Monday, June 23, 2008

The State of Maryland Blogdom, Part One

Like many MPW readers, I am a heavy consumer of blogs. Yes, I am addicted to information in general. It’s difficult for me to go an entire day without checking the Post, the Sun, the New York Times and several other mainstream media (MSM) sources at least once each. But blogs (at least the good ones) offer something of value beyond the MSM: a fresh take blending fact and opinion from informed, involved observers – and sometimes players – in the scene they cover. Over the last two years, blogs have become an important but largely intangible part of the Maryland political scene. In this five-part series, I present my best shot at measuring the reach of Maryland’s blogs for the first time.

Now there are many, many blogs in Maryland and everywhere else in the world. They range across every interest imaginable: music, art, food, travel, sports, professional issues, medical issues, and on and on. Our focus in this series will be on blogs that relate to Maryland politics. (Hence our name!)

We exclude from our focus “blogs” that are essentially extensions of corporate media outlets. Maryland Moment, a “blog” that often carries short versions of Washington Post stories, is one example. PolitickerMD is another, as we exposed last year. So are the countless other “blogs” run by the Post, the Sun and other MSM sources. While these sites contain useful information often provided by capable professionals, they are for-profit sites controlled by editors and operated for the benefit of corporate entities. That makes them news sites but not truly independent blogs.

Regular readers know that I am a stickler for measurement and that is the biggest challenge for evaluating blogs. How many people read them? Who reads them? How much influence do they have? These are very difficult questions to answer.

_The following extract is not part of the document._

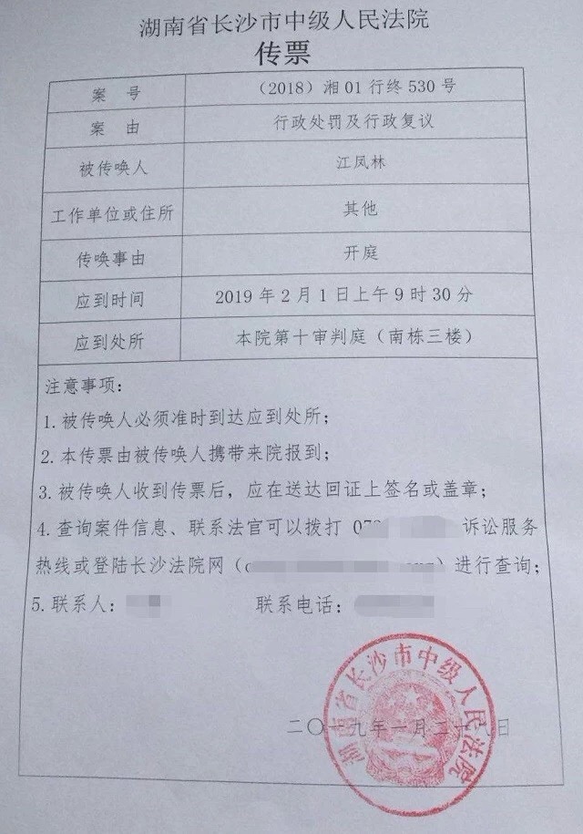 2018年7月16日,江凤林收到长沙市岳麓区人民法院行政判决书,驳回原告(江凤林)的全部诉讼请求,江凤林一审败诉。

Bloggers, and website operators in general, can use a variety of tools to measure traffic on their sites. Most of them identify IP addresses that connect to the site and access its pages. These tools can then aggregate the visit and page view data and report it back to the blog owner. Some blog owners make the aggregate information public while others do not.

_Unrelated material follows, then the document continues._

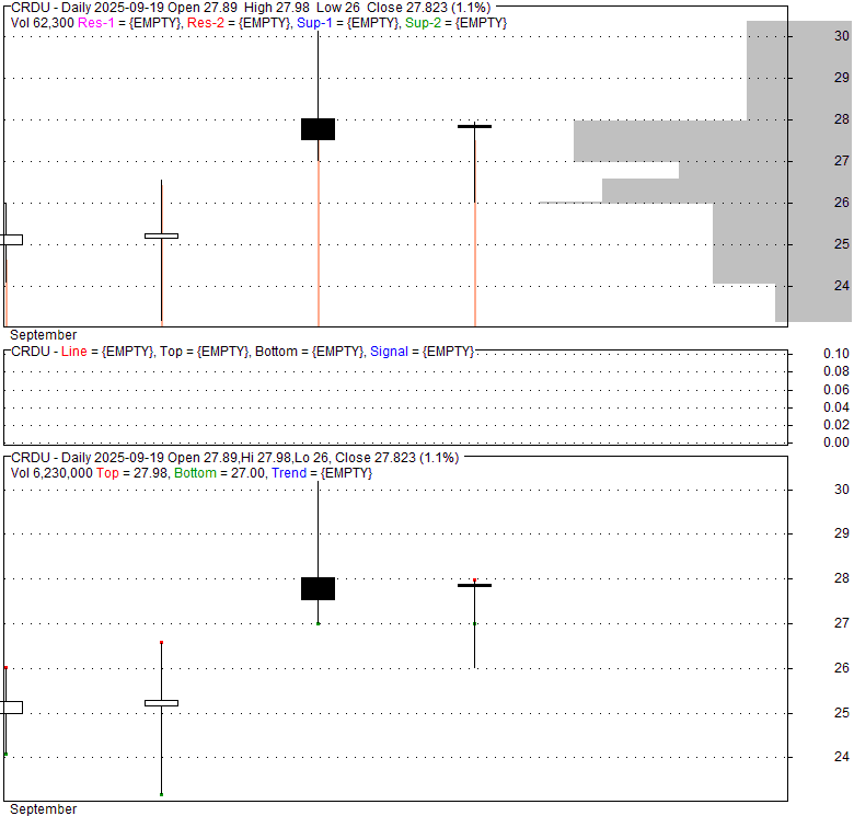 Price has closed below its short-term moving average. Short-term moving average is currently below mid-term; and below long-term moving average. From the relationship between price and moving averages: This stock is NEUTRAL in short-term; and NEUTRAL in mid-long term.[ CRDU ] has closed Bollinger Bands are 0% narrower than normal.

The most common traffic measurement tool used by Maryland bloggers is Sitemeter. Sitemeter describes its measures on its website:

Sitemeter tracks page views and visits. You may also have heard the term “hits.” When someone comes to your site, they generate a “hit” for every piece of content that is sent to their computer. Viewing a single web site page would generate one hit for the page and one hit for every individual graphics file that was on the page. A single page could easily generate a dozen or more hits. When you are browsing a site, every time you follow a link, it is treated as a single “page view.” Sitemeter defines a “visit” as a series of page views by one person with no more than 30 minutes in between page views.
The definitions of both “visits” and “page views” leave a lot to be desired. Visits are not unique; one user accessing the blog in the morning and the evening would be counted twice. And page views are a better measure of use intensity than the number of users. But the virtue of examining statistics from Sitemeter is that it applies the same imperfect standard to every site it measures. Blog-to-blog comparisons can be made and trends can be determined over time. This is a far more transparent standard than that applied by BlogNetNews, which declines to release its criteria for selecting the “highest influence” blogs on the grounds that they are “proprietary.” Imperfect though it may be, data from Sitemeter may be the best available option for measuring and comparing the state’s blogs.

We collected data from Sitemeter or a comparable service for 25 Maryland blogs related directly or indirectly to state or local politics over the last year. In Part Two, we will begin reporting our results.